Sunday, August 14, 2016
Cupid's famous arrow causes people to fall blindly in love with each other. That can end happily ever after. Not so with his lesser known "immortal time bias" arrow! That one causes researchers to fall blindly in love with profoundly flawed results - and that never ends well.
This type of time-dependent bias often afflicts observational studies. It's a particular curse for those studies relying on the "big data" from medical records. A recent study found close to 40% of susceptible studies in prominent medical journals were "biased upward by 10% or more". A study in 2011 found that 62% of studies of postoperative radiotherapy didn't safeguard against immortal time bias. That could make treatment look more effective than it really is.
So what is it? It's a stretch of time where an outcome couldn't possibly occur for one group - and that gives them a head start over another group. Samy Suissa describes a classic case from the early days of heart transplantation in the 1970s. A 1971 study showed 20 people who had heart transplants at Stanford lived an average of 200 days compared to 14 transplant candidates who didn't get them and survived an average of 34 days.
Those researchers had started the clock from the point at which all 34 people had been accepted into the program. Now of course, all the people who got the transplants were alive at the time of surgery. For the stretch of time they were on the waiting list, they were "immortal": you could not die and still get a heart transplant. So when people on the waiting list died early, they were in the no-transplant group.
When the data were re-analyzed by others in 1974 to factor this into account, the survival advantage of the operation disappeared. (More about the history in Hanley and Foster's article, Avoiding blunders involving 'immortal time'.)
This bias is also called survivor or survival bias, or survivor treatment selection bias. But time-dependent biases don't only affect death as an outcome. It can affect any outcome, not just death. So "immortal time" isn't really the best term. Hanley and Foster call it event-free time.
Carl von Walraven and colleagues are among the group that call this kind of phenomenon "competing risk bias":
Competing risks are events whose occurrence precludes the outcome of interest.
They are the authors of the 2016 study I mentioned above about how common the problem is. They show the impact on data in a study they did themselves on patient discharge summaries.
If you were re-admitted to hospital before you got to a physician visit with your discharge summary, you didn't fare as well as the people who went to the doctor. If you just compare the group who went to the physician for follow-up as the hospital encouraged with the group who didn't, the group who didn't visit their doctor had way higher re-admission rates. Not much surprise there, eh?
Von Walraven says the risk grew as people started to do more time-to-event studies. They put the problem down partly to the popularity of a method for survival ratios that doesn't recognize these risks in its basic analyses. That's Kaplan-Meier risk estimation. You see Kaplan-Meier curves referred to a lot in medical journals.
Although they're called curves, I think they look more like staircases. Here's an example: number of months survived here starts off the same, but gets better for the blue line after a year, plateauing a couple of years later.
Some common statistical programs don't have a way to deal with time-dependent calculations in Kaplan-Meier analyses, according to von Walraven. You need extensions of the programs to handle some data properly. The Royal Statistical Society points to this problem too, in the description for their 2-day course on Survival Analysis. (One's coming up in London in September 2016.)

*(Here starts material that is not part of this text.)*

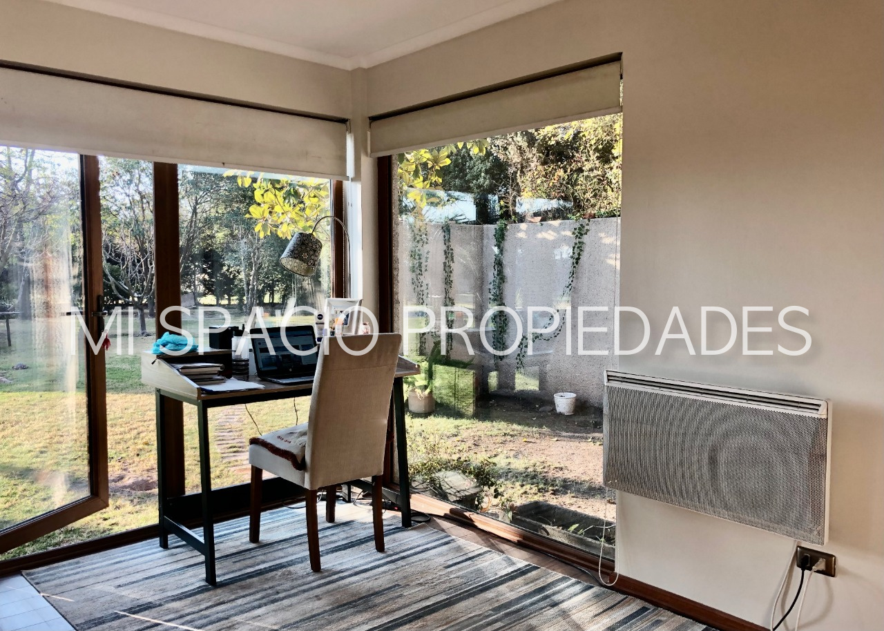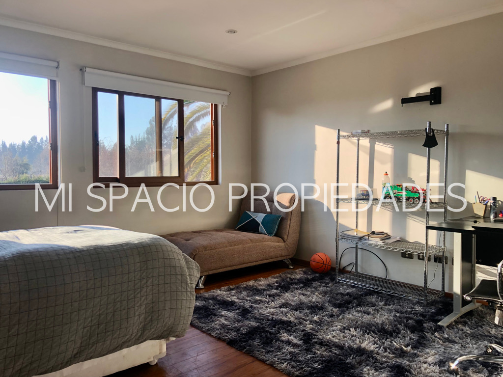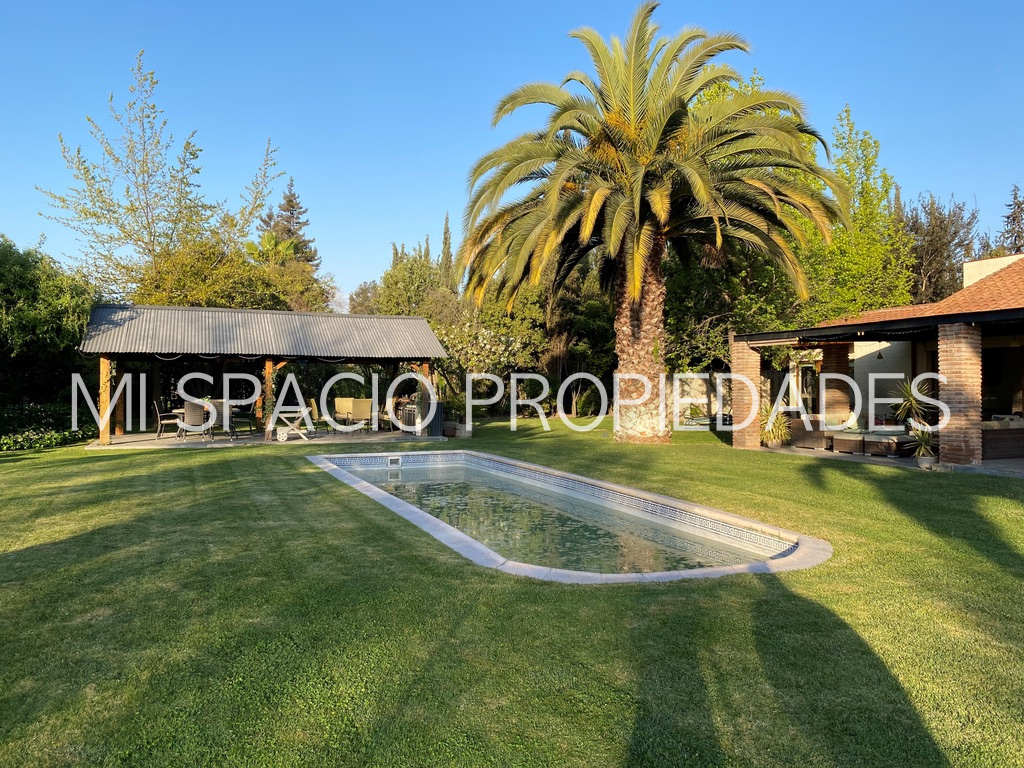 Excelentes terminaciones, dormitorios en piso flotante, zonas húmedas en porcelanatos, ventanas termopanel en PVC folio madera. Quincho techado con parrilla en obra y lavacopas, taller de 28 m2 con ½ baño, precioso jardín con riego automático y derechos de aguas por escritura pública, con más de 40 árboles frutales en producción y árboles ornamentales grandes, piscina de 3 x 10 m, portón automático, cerco eléctrico, y cámaras de vigilancia. Ubicada en condominio consolidado, caminos interiores asfaltados, acceso controlado, con espacios comunes compuesto por piscina, salón de eventos, cocina y camarines, multicanchas: tenis, vóley y fútbol, a pocos metros de colegios, gimnasio, bomba de bencina, supermercados, cercano mall y acceso a Autopista del Sol, Peaje Padre Hurtado, acceso controlado, agua potable de pozo profundo del condominio. A valor de arriendo se suman GGCC de 5 uf aproximadamente.

Hanley and Foster have a great guide to recognizing immortal time bias (Table 1, page 956). The key, they say, is to "Think person-time, not person":
If authors used the term 'group', ask... When and how did persons enter a 'group'? Does being in or moving to a group have a time-related requirement?
Given the problem is so common, we have to be very careful when we read observational studies with time-to-event outcomes and survival analyses. If authors talk about cumulative risk analyses and accounting for time-dependent measures, that's reassuring.
But what we really need is for the people who do these studies - and all the information gatekeepers, from peer reviewers to journalists - to learn how to dodge this arrow.
More reading on a somewhat lighter note: my post at Absolutely Maybe on whether winning awards or elections affects longevity.
The Kaplan-Meier "curve" image was chosen without consideration of its data or the article in which it appears. I used the National Library of Medicine's Open i images database, and erased explanatory details to focus only on the "curve". The source is an article by Kadera BE et al (2013) in PLOS One.